▸ EXERCISE DESCRIPTION
Leave out every picture and set down, exactly, the lines below from the one holding "Эти микроэлементы теряются" up to and including the one holding "Download this time".

(DATA begins)

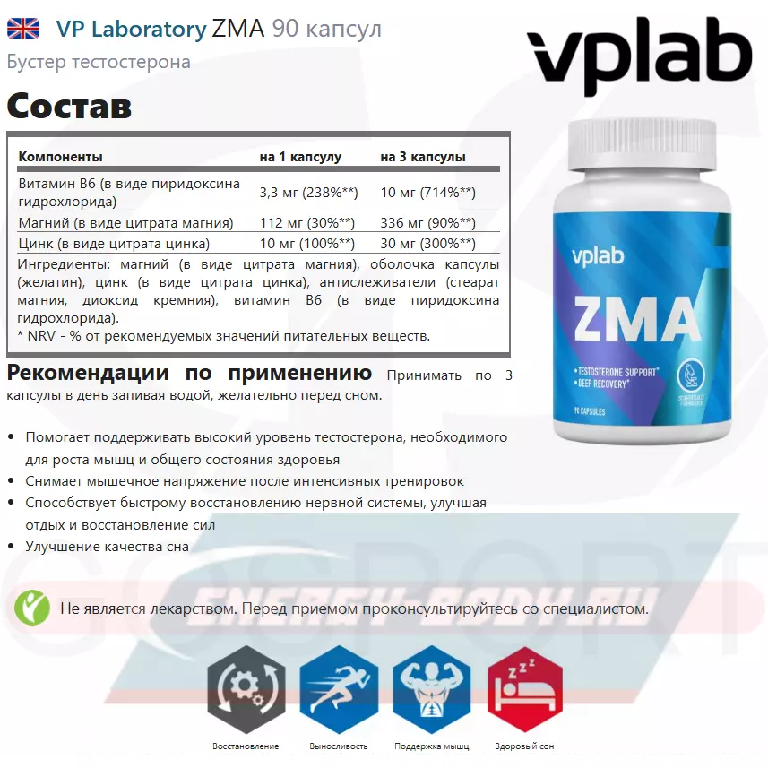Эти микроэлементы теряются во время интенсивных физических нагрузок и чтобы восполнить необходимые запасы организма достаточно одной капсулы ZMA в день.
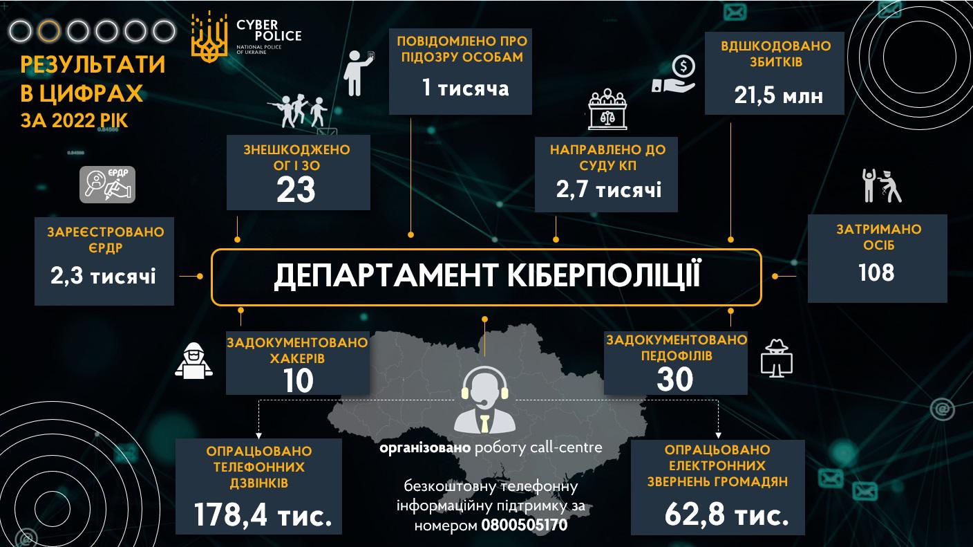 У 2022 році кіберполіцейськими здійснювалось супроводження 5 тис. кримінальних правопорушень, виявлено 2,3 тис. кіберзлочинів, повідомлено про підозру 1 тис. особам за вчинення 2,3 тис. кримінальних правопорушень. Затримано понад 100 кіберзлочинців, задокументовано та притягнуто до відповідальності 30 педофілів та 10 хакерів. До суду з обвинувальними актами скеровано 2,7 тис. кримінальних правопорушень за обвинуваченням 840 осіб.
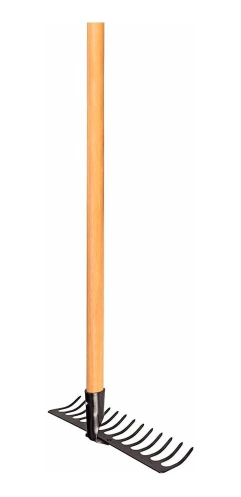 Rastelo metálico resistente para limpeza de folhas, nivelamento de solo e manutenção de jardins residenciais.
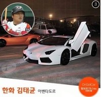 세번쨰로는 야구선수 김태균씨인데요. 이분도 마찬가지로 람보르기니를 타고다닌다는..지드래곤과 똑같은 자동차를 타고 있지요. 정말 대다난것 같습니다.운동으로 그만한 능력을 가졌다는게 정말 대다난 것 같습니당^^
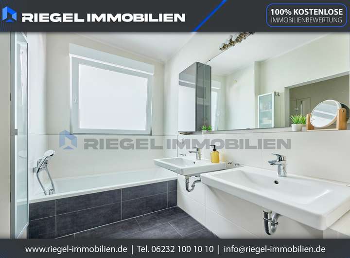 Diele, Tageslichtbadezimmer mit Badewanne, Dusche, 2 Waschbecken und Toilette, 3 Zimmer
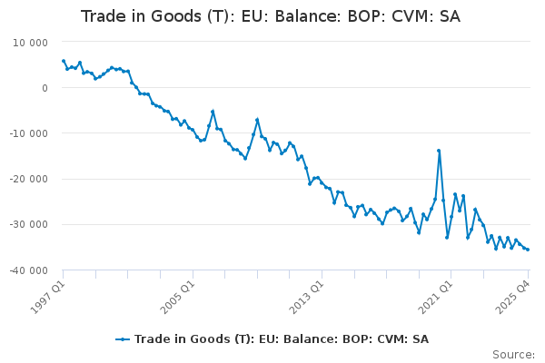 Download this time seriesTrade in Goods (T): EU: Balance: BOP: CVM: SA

(DATA ends)
(DATA begins)

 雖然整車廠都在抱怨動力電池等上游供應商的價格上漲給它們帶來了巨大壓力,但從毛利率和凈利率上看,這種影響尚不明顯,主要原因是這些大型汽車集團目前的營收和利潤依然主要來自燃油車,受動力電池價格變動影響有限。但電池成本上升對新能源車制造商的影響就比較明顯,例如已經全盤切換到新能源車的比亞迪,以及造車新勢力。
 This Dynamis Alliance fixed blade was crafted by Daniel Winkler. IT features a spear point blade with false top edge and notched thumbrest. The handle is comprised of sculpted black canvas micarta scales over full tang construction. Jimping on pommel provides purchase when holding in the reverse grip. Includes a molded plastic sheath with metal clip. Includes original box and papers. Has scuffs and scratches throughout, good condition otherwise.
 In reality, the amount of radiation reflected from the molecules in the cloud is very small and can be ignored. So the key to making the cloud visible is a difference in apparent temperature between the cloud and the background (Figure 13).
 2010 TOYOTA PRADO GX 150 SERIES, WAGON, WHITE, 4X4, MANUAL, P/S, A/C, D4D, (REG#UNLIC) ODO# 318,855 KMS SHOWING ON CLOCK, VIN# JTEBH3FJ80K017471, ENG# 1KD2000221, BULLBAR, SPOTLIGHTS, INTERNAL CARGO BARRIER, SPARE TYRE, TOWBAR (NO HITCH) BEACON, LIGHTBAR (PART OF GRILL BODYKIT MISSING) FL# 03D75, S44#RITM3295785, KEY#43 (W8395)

(DATA ends)

▸ YOUR RESPONSE
Эти микроэлементы теряются во время интенсивных физических нагрузок и чтобы восполнить необходимые запасы организма достаточно одной капсулы ZMA в день.
 У 2022 році кіберполіцейськими здійснювалось супроводження 5 тис. кримінальних правопорушень, виявлено 2,3 тис. кіберзлочинів, повідомлено про підозру 1 тис. особам за вчинення 2,3 тис. кримінальних правопорушень. Затримано понад 100 кіберзлочинців, задокументовано та притягнуто до відповідальності 30 педофілів та 10 хакерів. До суду з обвинувальними актами скеровано 2,7 тис. кримінальних правопорушень за обвинуваченням 840 осіб.
 Rastelo metálico resistente para limpeza de folhas, nivelamento de solo e manutenção de jardins residenciais.
 세번쨰로는 야구선수 김태균씨인데요. 이분도 마찬가지로 람보르기니를 타고다닌다는..지드래곤과 똑같은 자동차를 타고 있지요. 정말 대다난것 같습니다.운동으로 그만한 능력을 가졌다는게 정말 대다난 것 같습니당^^
 Diele, Tageslichtbadezimmer mit Badewanne, Dusche, 2 Waschbecken und Toilette, 3 Zimmer
 Download this time seriesTrade in Goods (T): EU: Balance: BOP: CVM: SA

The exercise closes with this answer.